Give the listing again exactly, omitting its images.

Data section:
***

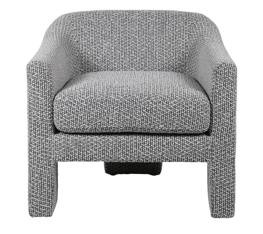Vstúpte do sveta moderného pohodlia s naším sivým čalúneným kreslom v štýle klubovky, ktoré sa vyznačuje elegantným dizajnom a jedinečnými trojnôžkovými nožičkami.
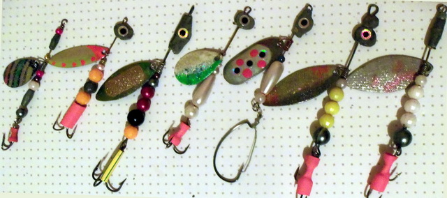 На работе в офисе как-то увидел сгоревший чайник из нержавейки вот тут и пришла идея пустить его на лепестки для вертушек.Вырезал лепестки по шаблону у меня их три, отлил в столовой ложке свинцовую биту и штамп готов, заготовку ложем в ложку с верху свинцовую биту и молотком, лепесток готов. Сердечники я давно точу при помощи дрели из пипок от старых автомобильных или тракторных камер, в любом авто гараже их хватает. Проволоку для основы вертушки использую от сварочного полуавтомата диаметром 0,6 мм из нержавеющей стали, покупаю в катушке с намоткой в 1кг. Вот с дужками была проблема как их сделать в домашних условиях на коленке , оказалась всё очень проста пробил гаечным ключом на наковальне и все как две капли, не отличишь. Проволока для дужек используется нихром 1,2мм, можно медную, от трансформатора. Шарики под сердечник хотел взять от бус, но увидел у сына пульки пластмассовые от игрушечного пистолета диаметром 6 мм, просверлил отверстия померил как тут были, пульки продаются в любом игрушечном магазине за копейки. Опушки на крючки давно вяжу из старых бантов. Ну вот вроде и всё.
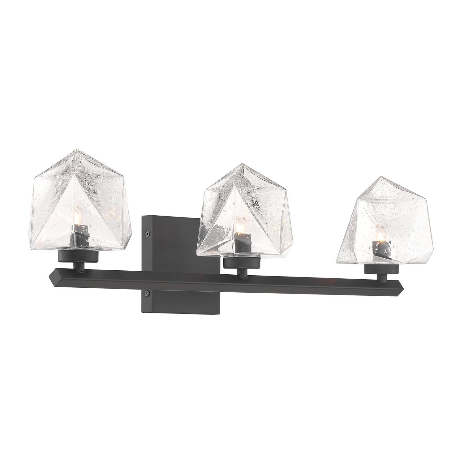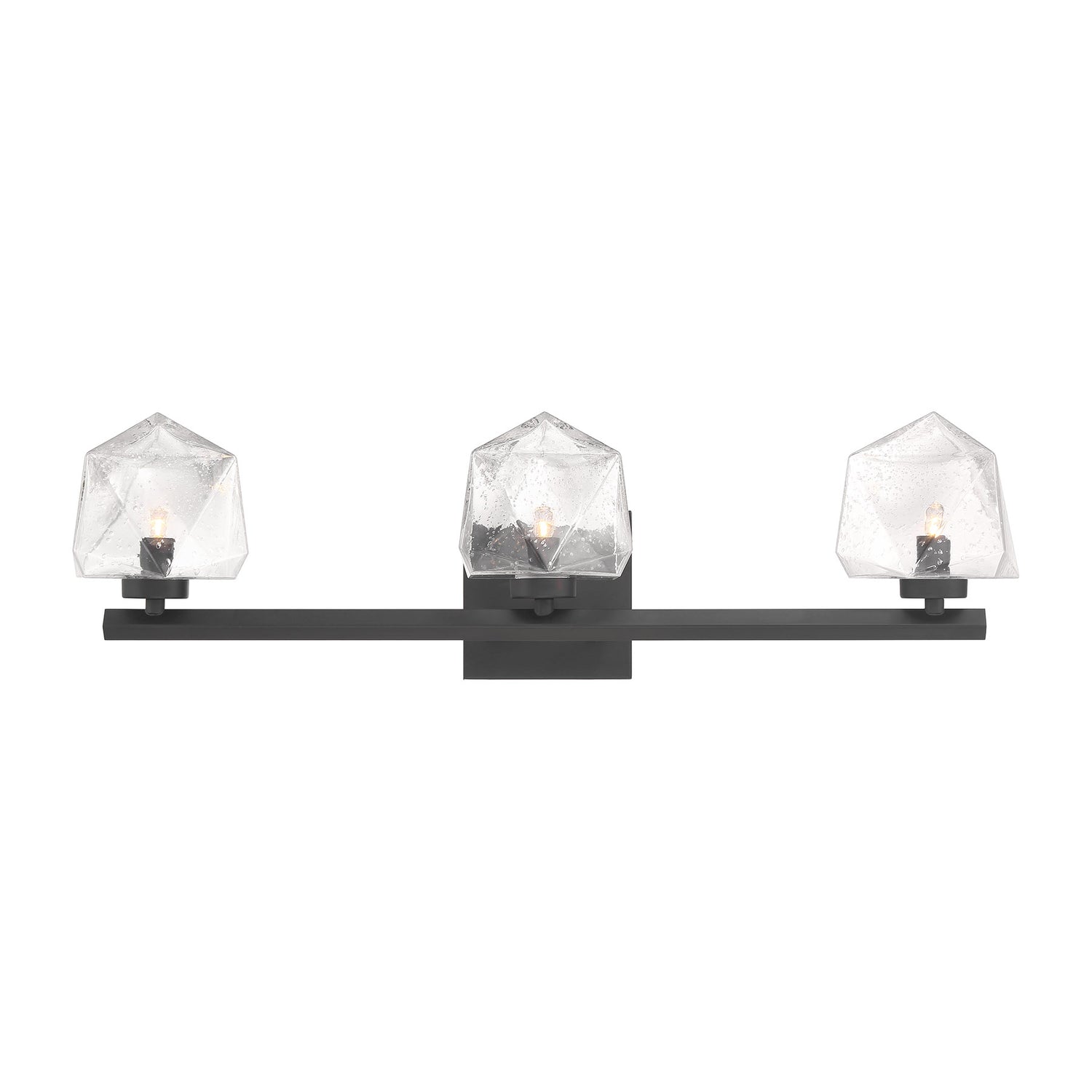 The Castello 3-light bath light from Savoy House is cool as ice! Its sharply cut shades of clear hammered glass add a bright touch of geometry and texture, pairing perfectly with the thick arm and backplate that is finished in Warm Brass. Castello is 6.5" in height, 25" in width and extends 6.5" from the wall. Uses three LED G9 bulbs. Bulbs not included.
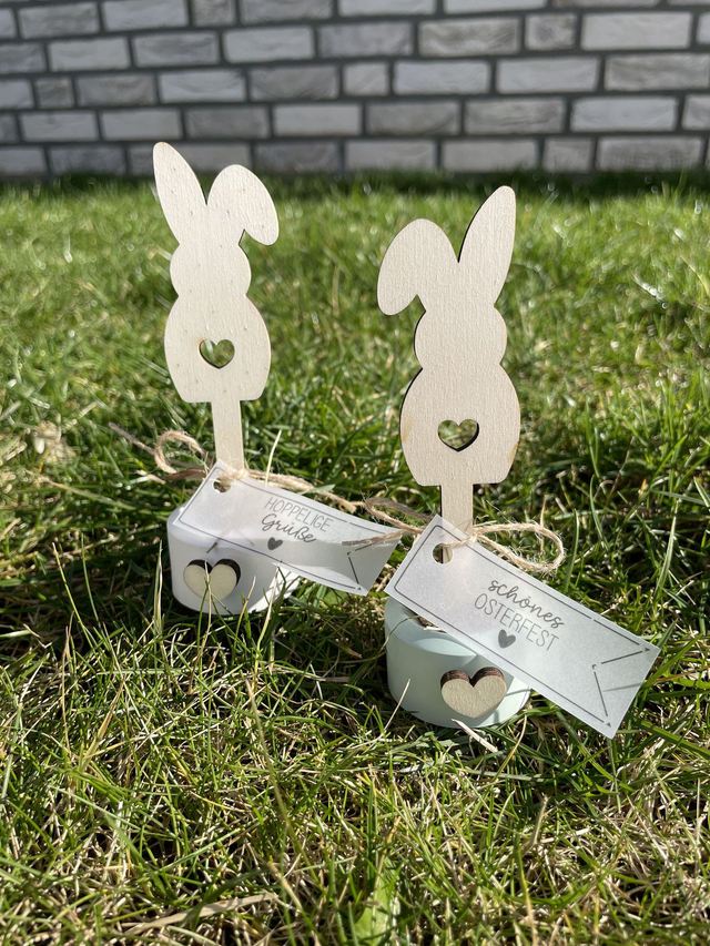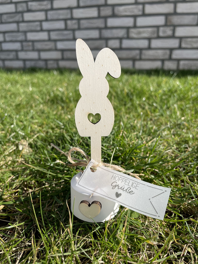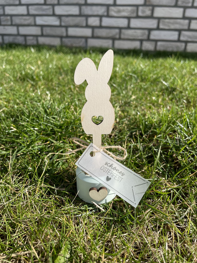 Der Hase ist auf einem kleinen, weißen oder mintgrünen Sockel befestigt, der mit einem kleinen Herz verziert ist. Eine rustikale Juteschleife und ein liebevoll gestaltetes Schild mit passender Aufschrift runden das Design ab. Ideal als Tischdeko, kleines Geschenk oder als besonderes Detail für deine Osterdekoration im Wohnzimmer, Flur oder auf der Festtagstafel.

***

Output for this task:
Vstúpte do sveta moderného pohodlia s naším sivým čalúneným kreslom v štýle klubovky, ktoré sa vyznačuje elegantným dizajnom a jedinečnými trojnôžkovými nožičkami.
 На работе в офисе как-то увидел сгоревший чайник из нержавейки вот тут и пришла идея пустить его на лепестки для вертушек.Вырезал лепестки по шаблону у меня их три, отлил в столовой ложке свинцовую биту и штамп готов, заготовку ложем в ложку с верху свинцовую биту и молотком, лепесток готов. Сердечники я давно точу при помощи дрели из пипок от старых автомобильных или тракторных камер, в любом авто гараже их хватает. Проволоку для основы вертушки использую от сварочного полуавтомата диаметром 0,6 мм из нержавеющей стали, покупаю в катушке с намоткой в 1кг. Вот с дужками была проблема как их сделать в домашних условиях на коленке , оказалась всё очень проста пробил гаечным ключом на наковальне и все как две капли, не отличишь. Проволока для дужек используется нихром 1,2мм, можно медную, от трансформатора. Шарики под сердечник хотел взять от бус, но увидел у сына пульки пластмассовые от игрушечного пистолета диаметром 6 мм, просверлил отверстия померил как тут были, пульки продаются в любом игрушечном магазине за копейки. Опушки на крючки давно вяжу из старых бантов. Ну вот вроде и всё.
 The Castello 3-light bath light from Savoy House is cool as ice! Its sharply cut shades of clear hammered glass add a bright touch of geometry and texture, pairing perfectly with the thick arm and backplate that is finished in Warm Brass. Castello is 6.5" in height, 25" in width and extends 6.5" from the wall. Uses three LED G9 bulbs. Bulbs not included.
 Der Hase ist auf einem kleinen, weißen oder mintgrünen Sockel befestigt, der mit einem kleinen Herz verziert ist. Eine rustikale Juteschleife und ein liebevoll gestaltetes Schild mit passender Aufschrift runden das Design ab. Ideal als Tischdeko, kleines Geschenk oder als besonderes Detail für deine Osterdekoration im Wohnzimmer, Flur oder auf der Festtagstafel.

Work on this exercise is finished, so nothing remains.